The next morning, Jeff, heads back to Fort Leavenworth. He stops at the Chadwick farm to give the family news about their son John. Chadwick’s mother is eager to hear about her son, but the rest of the family remains aloof, “as though [Jeff] had persuaded Chadwick to join up” (50). When Jeff arrives at the Gardner home, he discovers that David Gardner, “his face dirty and tear-begrimed, and his clothing torn” (51), has just arrived. Mrs. Gardner tells him angrily, “You walked sixty miles away from me to enlist and now you come crawlin’ back to tell me thet you’re tired of it and thet you wanta come back home. Well it’s too late now to come back home. You’re in the army. That’s what you always wanted, so go on back to the army” (51). Gardner insists that he’ll run away and live in the hills before he will go back, but his mother scoffs that he would never survive. Gardner begs his mother again, but she insists that he must return. She offers him breakfast and a change of clothes, but then Jeff and Gardner are on the road once again.

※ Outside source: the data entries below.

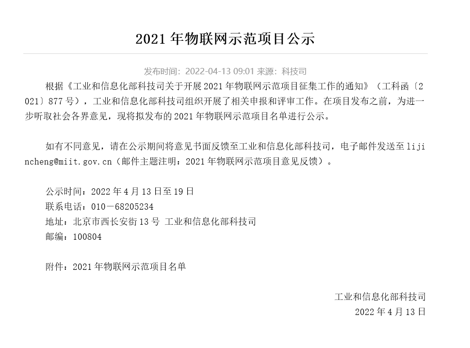 喜報 | 同陽科技強(qiáng)勢入圍工信部2021年度物聯(lián)網(wǎng)示范項(xiàng)目名單
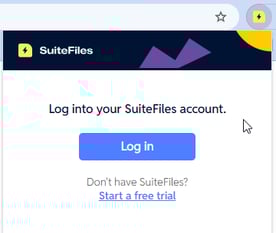 To get back up and running, you will need to restart Chrome (i.e. close and reopen your browser) and check you're logged into the SuiteFiles Chrome Extension. You can follow the quick steps here: Checking the Chrome extension is logged in.
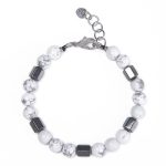 Home ARMBAND Damenarmbänder Damenarmbänder aus Naturstein Howlith- und Hämatit-Kombination, längenverstellbares Naturstein-Damenarmband
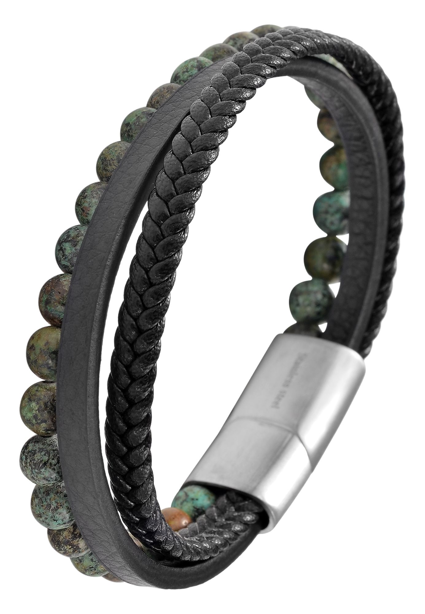 Das Echtlederarmband der Marke Akzent ist aus einer Kugelkette und zwei Lederriemen gefertigt. Der erste Lederriemen ist aufwendig geflochten und hat eine Breite von 6 mm und eine Materialstärke von 2,5 mm. Der zweite Lederriemen hat eine glatte Oberfläche, ist 5 mm breit und hat eine Materialstärke von 3 mm. Die Kugelkette besteht aus 29 grünen Tigerauge Kugeln. Öffnen und schließen lässt sich das moderne Schmuckarmband mit einer silberfarbenen Magnetschließe, die ebenfalls aus Edelstahl gefertigt ist. Die Maße ergeben sich aus einer Gesamtlänge von 21 cm oder 23 cm, einer Breite von 18 mm und einer Stärke von 7 mm. Das Armband ist ein toller Begleiter für den Alltag und eignet sich gut als Geschenk.
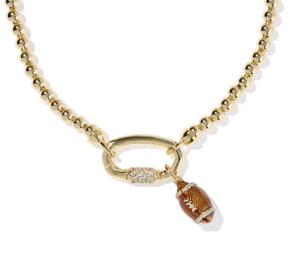 Our signature pendant style in a football shape? Touchdown! The Football Gold Short Pendant Necklace in Orange Goldstone is the perfect way to put the “game” in your game day look. Layer with your favorite chain or wear as a standalone necklace—either way, you’ll be the most stylish fan in the stands.
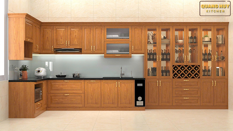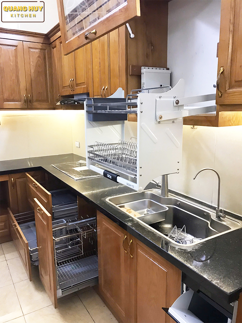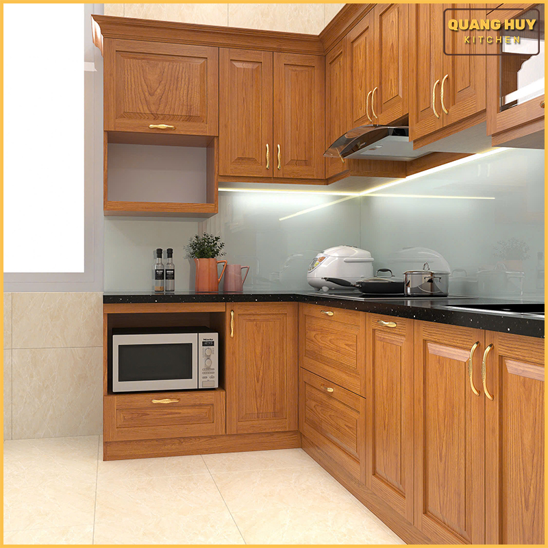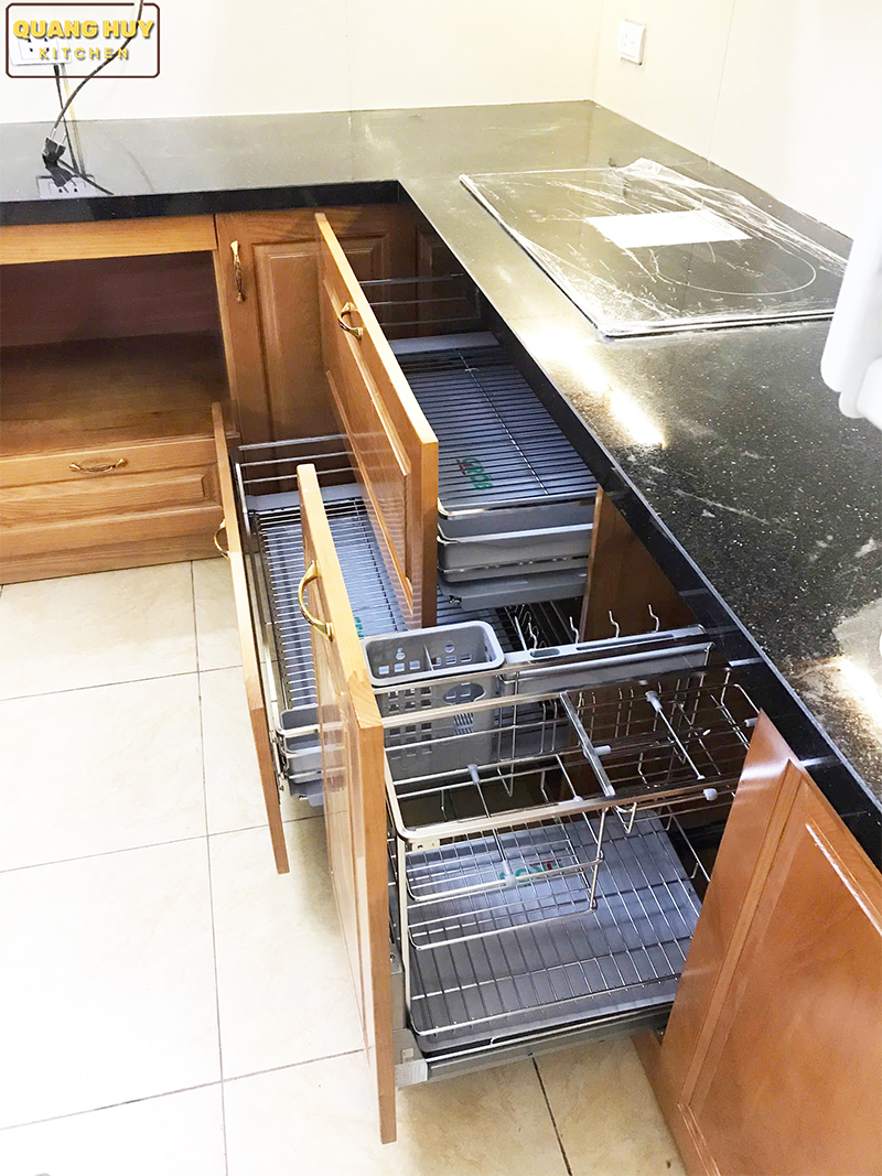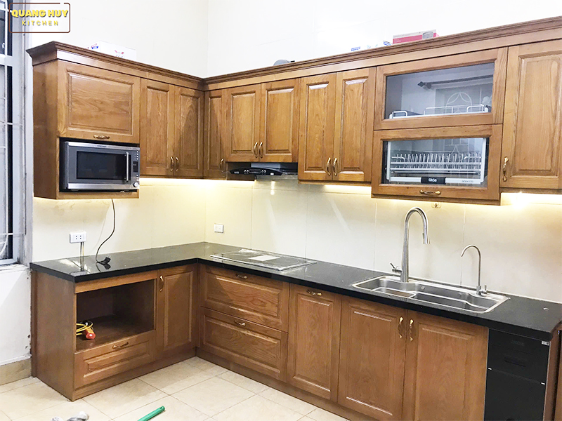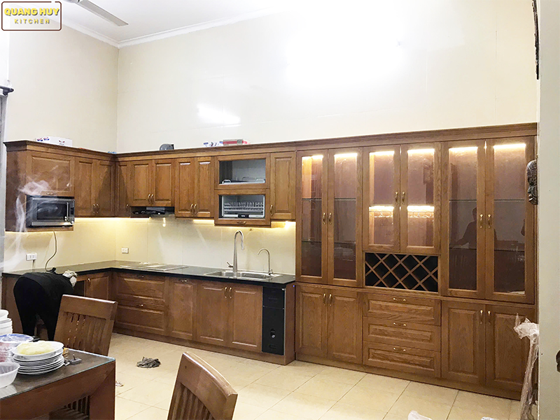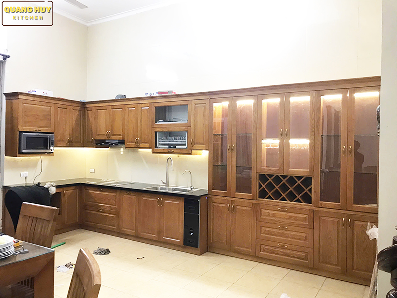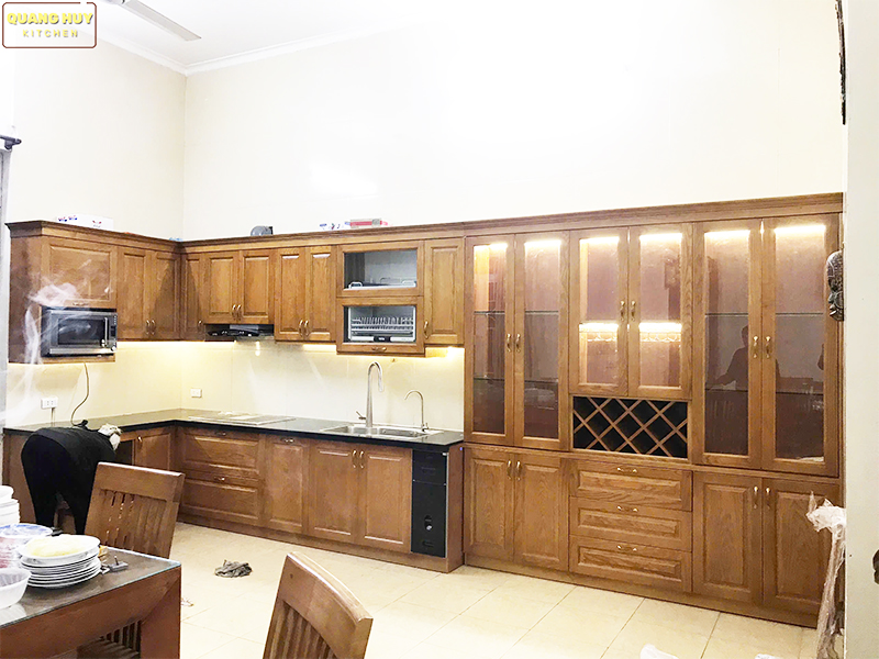 Tủ bếp gỗ sồi Nga nhà Chị Tuyết Long Biên

A week later, Jeff’s company packs up and begins “the long battle march from Fort Leavenworth to Springfield, Missouri” (54). Awakened at three in the morning, Jeff lines up with the rest of the volunteers from Kansas, eager to take part in “the real thing” (54). When the company reaches Grand River, they will join General Nathanial Lyon, and “their combined force of a little more than five thousand men was the only Federal command between Rolla and the new state of Kansas, representing the forlorn hopes of all the Union people in that vast area” (54-55). In Springfield, Lyon will lead the men against the 10,000-strong rebel force. If the Union army loses Missouri, the southerners will take “its rich middle portion from which valuable supplies could be had and thousands of men recruited for the rebel cause” (55). Finally, just after dawn, after the cavalry receives orders to mount their horses, the infantry begins to march.

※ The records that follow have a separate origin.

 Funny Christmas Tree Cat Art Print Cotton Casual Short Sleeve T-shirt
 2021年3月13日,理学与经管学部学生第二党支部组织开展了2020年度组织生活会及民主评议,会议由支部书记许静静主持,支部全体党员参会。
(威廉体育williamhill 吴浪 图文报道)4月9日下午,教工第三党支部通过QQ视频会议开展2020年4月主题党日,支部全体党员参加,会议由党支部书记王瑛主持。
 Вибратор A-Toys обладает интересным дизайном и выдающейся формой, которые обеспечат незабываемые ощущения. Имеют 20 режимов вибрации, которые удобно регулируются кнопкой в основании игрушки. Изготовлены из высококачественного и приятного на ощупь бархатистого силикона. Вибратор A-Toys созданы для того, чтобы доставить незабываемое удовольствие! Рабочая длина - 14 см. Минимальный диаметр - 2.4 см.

Jeff notes that Pete Millholland, the sloppy new sergeant, has been working to improve himself, “but he was an officer and Jeff didn’t like officers” (56). As the sun rises and the day grows hotter, the marching gets more difficult. To one soldier, who states that he can’t go on, Millholland urges, “Sure you can. […] You can always go farther than you think you can” (57). Jeff silently agrees, having discovered in training that “fatigue is mostly mental” (57). At each rest stop, Millholland grabs Jeff’s heavy pack to momentarily ease the burden. The help embarrasses Jeff, who insists that he doesn’t need it. Millholland glares at him, and Jeff accepts his assistance “in resentful silence” (57). The soldiers get hotter and thirstier, gulping from their canteens despite Millholland’s instructions to drink slowly. Three boys in Jeff’s company ignore this advice and end up in ambulances. Three days into the march, Jeff watches incredulously as the company empties an entire well in only 15 minutes.

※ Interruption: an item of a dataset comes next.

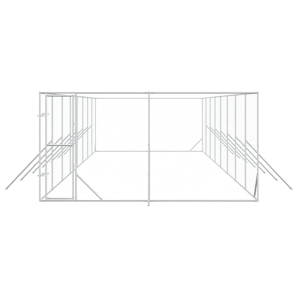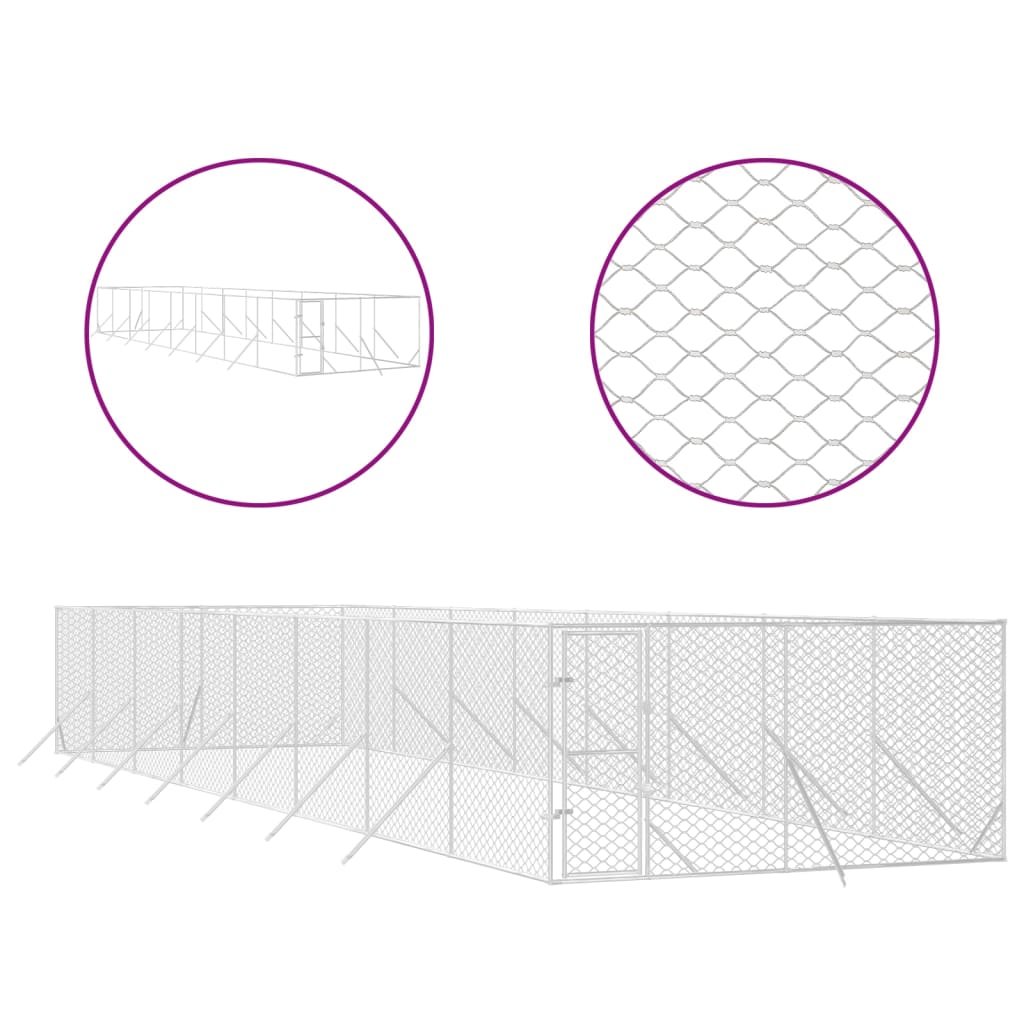 Chenil d’extérieur pour chiens argenté 4x16x2 m acier galvanisé

Noticing that Noah Babbitt doesn’t seem to be affected by the heat, Jeff asks, “How come you like to walk so well, Noah? Don’t you ever get a hankering to straddle a horse?” (60). Babbitt explains that he prefers to walk, and tells Jeff that he once hiked from Topeka, Kansas to Galveston, Texas—about 1,800 miles—because he “wanted to see the magnolias in bloom” (61). When they reach Grand River, Jeff sees the first Missourians he has ever encountered who aren’t bushwhackers. They join together with 3,000 Missourians and Iowans and continue marching. When an overheated Missourian stumbles and drops his gun, Jeff notices that the boy is even smaller than he is. The boy rejects Jeff’s help, but Jeff shows him how to stay cooler by putting a handful of grass in his cap and wetting it with his canteen. Appreciatively, the boy introduces himself as Jimmy Lear. Lear, who traveled with General Lyon from St. Louis, has already taken part in some small fights.
As the march continues, Jeff begins to itch. At dinner, Lear starts to pick small gray bugs off of Jeff, exclaiming: “You got graybacks” (63), which he identifies for Jeff as lice. Jeff points out that Lear has them too, and Lear shows him how to get two of the insects to fight each other. That evening, Lear and Jimmy wave their clothes over the campfire, shaking free as many insects as possible, but “the soldiers never seemed to be entirely rid of them” (64). Each day, the Union soldiers march 20 to 25 miles, becoming accustomed to the heat and the exercise. At night, they try to camp near rivers and creeks where the men can swim. Jeff writes a letter to his parents, intending to mail it once they reach Springfield. Accompanying the regiment are barbers, who give them men shaves and haircuts, and a 20-piece band, “striding along stoically in the heat, carrying their brass horns on their thick red necks or under their fat muscular arms” (64).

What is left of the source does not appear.